Шрифт:
Закладка:
– Что ты думаешь? – спросил Сайвар, когда они снова уселись у письменного стола. – Это дело повисло?
– Мне показалось, что я чуть-чуть продвинулась, но, конечно, может быть и так, что это ни к чему не приведет. Может, я просто проникаю в тайны, которые совсем не связаны с этим убийством. – Эльма пожала плечами. Речь Хёрда совсем обессилела ее. Она громко вздохнула, но тотчас поспешила закрыть рот, сообразив, что Сайвар может уловить от нее через стол запах алкоголя. Головная боль у нее уже прошла, а пустой желудок стал требовать еды. – Но не можем же мы просто так сдаться. Я заеду к Соульвейг, соседке Элисабет, но сперва пообедаю. Поедешь со мной?
– Нет, мне с другим немножко повозиться надо, – рассеянно ответил Сайвар. Лишь сейчас Эльма заметила, как он непохож на себя. Глаза у него были усталые, а волосы, обычно так тщательно причесанные, лохматы и всклокочены. А она была настолько поглощена расследованием, что ничего вокруг себя не видела.
Сама она проснулась в несусветную рань и прокралась по коридору в собственную кровать. Стоило ей вспомнить случившееся, она тотчас краснела, хотя помнила только какие-то отдельные отрывки. Но ей не нужно было ничего стыдиться. Она ни с кем не была связана. Она была женщиной на четвертом десятке лет и могла спать с кем угодно. Она не осуждала других женщин, решивших поступить так же. Почему же сама себя она судила так строго?
– Не вопрос, – ответила она, стараясь избегать взгляда Сайвара. А он – тоже избегает ее взгляда, или она это придумывает? А может, она вовсе и не стыдится, – думала она про себя, выйдя на свежий воздух. Может, она просто хочет, чтобы в минувшую ночь она переночевала у кого-нибудь другого.
Выяснить, кто был соседкой Элисабет, пока та жила в Акранесе, оказалось несложно. Вариант был только один: Соульвейг Сигюрдардоттир, которая прожила в одном и том же доме на Кроукатун сорок лет. Сейчас ей было восемьдесят шесть лет, и она проживала в доме престарелых «Хёвди». Когда Эльма пришла поговорить с ней, она сидела на скамейке в саду, закрыв глаза. Ее трость стояла прислоненная к скамейке, а на голове у женщины был синий платок, подвязанный под подбородком. Сотрудница дома престарелых – молодая девчонка с сережкой в носу и глазами, подведенными черным, указала на нее Эльме, когда та вошла и осведомилась о Соульвейг. «Она всегда вон там на улице», – ответила девчонка. В ее голосе сквозила усталость.
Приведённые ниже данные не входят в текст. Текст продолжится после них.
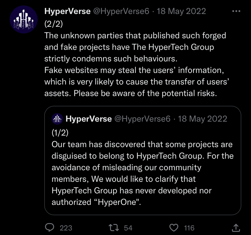 In our Twitter Page, shortly after we discovered the exploit, it is quite easy to see when the shift happened from HyperVerse related content to HyperNation related content in May 2022.

Эльма неторопливо подошла к Соульвейг. Пожилая женщина подставляла лицо пасмурному небу, словно ожидая, что с минуты на минуту на нем проглянет луч солнца. На ней была светло-коричневая куртка из тонкого материала, а поверх обуви какие-то бахилы. Эльма села рядом с женщиной и покашляла, но та не обернулась.
– Соульвейг?
Женщина открыла глаза и посмотрела на Эльму. Глаза были прищурены, и она долго-долго смотрела на собеседницу и лишь потом ответила тоненьким голосом:
– Да, это я.
– Меня зовут Эльма, я из полиции, – сказала Эльма. – Скажите, пожалуйста, не могла бы я задать вам несколько вопросов?
Старушка тихонько засмеялась:
– Полиция мне будет вопросы задавать? Да, конечно, пожалуйста.
Эльма улыбнулась:
– Вы жили на Кроукатун, так?
– Большую часть жизни. А вам это зачем?
– Вы помните девочку по имени Элисабет? Она жила там в детстве. Ее мать звали Хатла.
– Конечно помню – и Бету, и Хатлу. Бета меня иногда навещает. – Соульвейг улыбнулась.
– А недавно она приходила?
По небу вблизи от них пролетела стая чаек, и до собеседниц донесся отзвук их назойливых криков. Этот шум отвлек пожилую женщину, и Эльме пришлось повторить свой вопрос.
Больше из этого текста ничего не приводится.